#### Stored entries
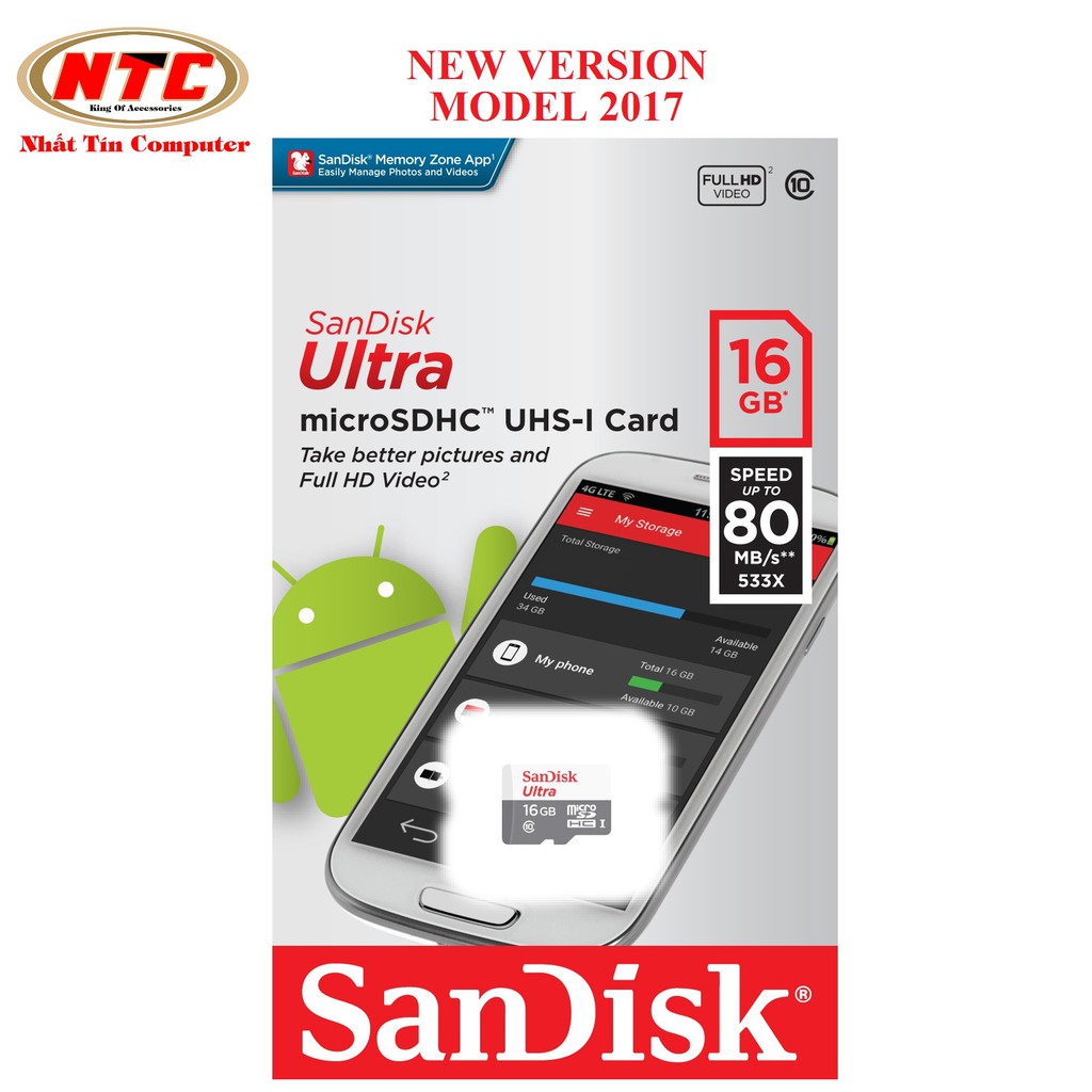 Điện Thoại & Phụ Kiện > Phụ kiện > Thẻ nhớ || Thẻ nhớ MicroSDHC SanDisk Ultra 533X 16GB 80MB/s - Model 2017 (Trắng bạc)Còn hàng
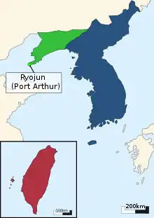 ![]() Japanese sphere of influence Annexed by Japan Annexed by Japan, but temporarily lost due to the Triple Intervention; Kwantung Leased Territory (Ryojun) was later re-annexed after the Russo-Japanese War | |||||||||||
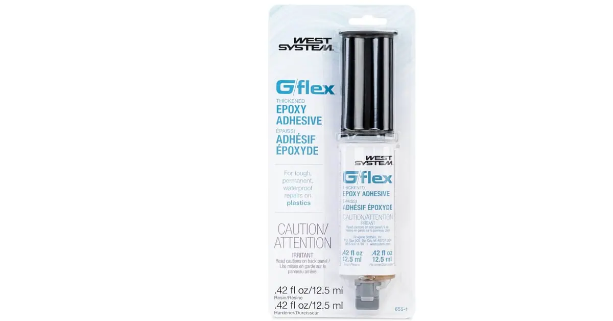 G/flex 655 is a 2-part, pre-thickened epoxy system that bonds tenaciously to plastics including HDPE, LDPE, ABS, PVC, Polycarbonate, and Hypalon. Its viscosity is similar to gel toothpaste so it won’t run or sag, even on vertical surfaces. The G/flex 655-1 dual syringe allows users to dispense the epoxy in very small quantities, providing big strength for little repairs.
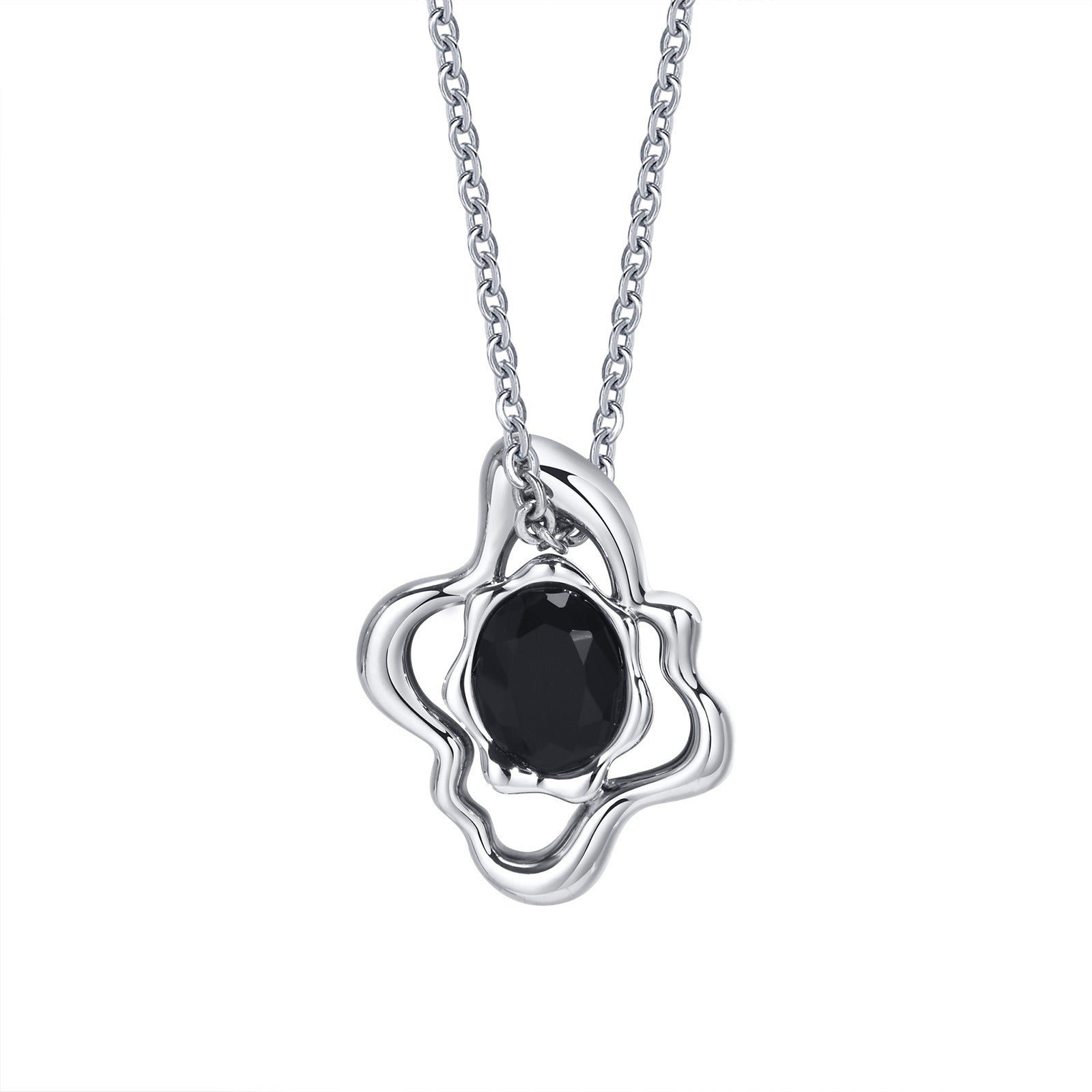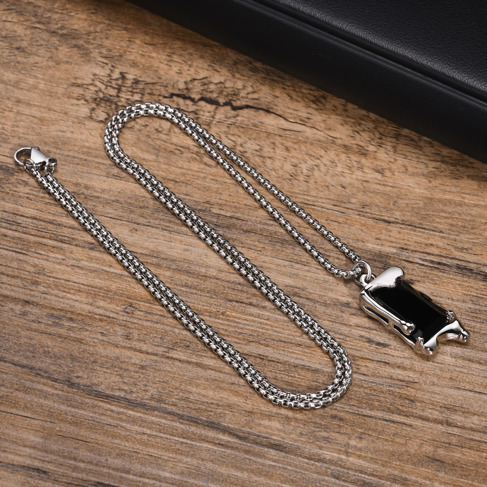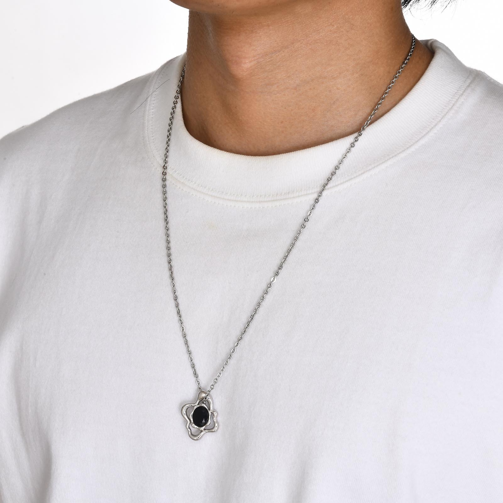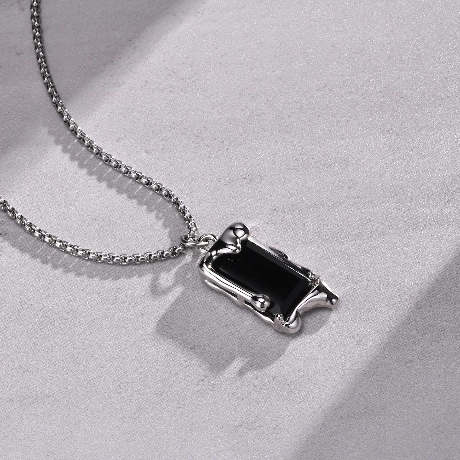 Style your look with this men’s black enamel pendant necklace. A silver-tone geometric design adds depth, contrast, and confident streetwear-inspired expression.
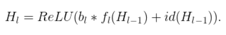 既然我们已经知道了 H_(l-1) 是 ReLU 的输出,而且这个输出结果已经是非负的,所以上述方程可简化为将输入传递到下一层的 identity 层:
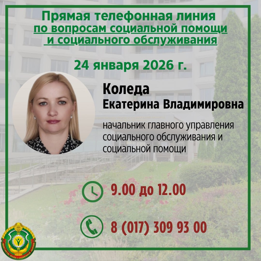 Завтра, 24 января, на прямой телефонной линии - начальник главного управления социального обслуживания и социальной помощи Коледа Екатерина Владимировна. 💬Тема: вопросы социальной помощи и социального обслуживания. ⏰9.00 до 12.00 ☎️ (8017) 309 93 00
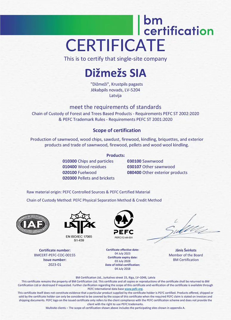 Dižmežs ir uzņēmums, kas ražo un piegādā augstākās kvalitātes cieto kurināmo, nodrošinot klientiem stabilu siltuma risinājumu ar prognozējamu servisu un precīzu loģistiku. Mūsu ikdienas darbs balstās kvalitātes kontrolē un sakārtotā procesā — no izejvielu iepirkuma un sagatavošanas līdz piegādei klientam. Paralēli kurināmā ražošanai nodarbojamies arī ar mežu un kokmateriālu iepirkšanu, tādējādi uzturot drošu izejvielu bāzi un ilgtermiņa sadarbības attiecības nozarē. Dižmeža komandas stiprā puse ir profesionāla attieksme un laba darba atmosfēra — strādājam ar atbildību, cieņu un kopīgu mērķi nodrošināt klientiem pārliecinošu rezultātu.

#### Work order
Leave out every picture, and copy exactly the lines above starting at the one holding "Russo-Japanese War | |||||||||||" and ending at the one holding "G/flex 655 is", no more and no less.

#### Response for this exercise
 ![]() Japanese sphere of influence Annexed by Japan Annexed by Japan, but temporarily lost due to the Triple Intervention; Kwantung Leased Territory (Ryojun) was later re-annexed after the Russo-Japanese War | |||||||||||
 G/flex 655 is a 2-part, pre-thickened epoxy system that bonds tenaciously to plastics including HDPE, LDPE, ABS, PVC, Polycarbonate, and Hypalon. Its viscosity is similar to gel toothpaste so it won’t run or sag, even on vertical surfaces. The G/flex 655-1 dual syringe allows users to dispense the epoxy in very small quantities, providing big strength for little repairs.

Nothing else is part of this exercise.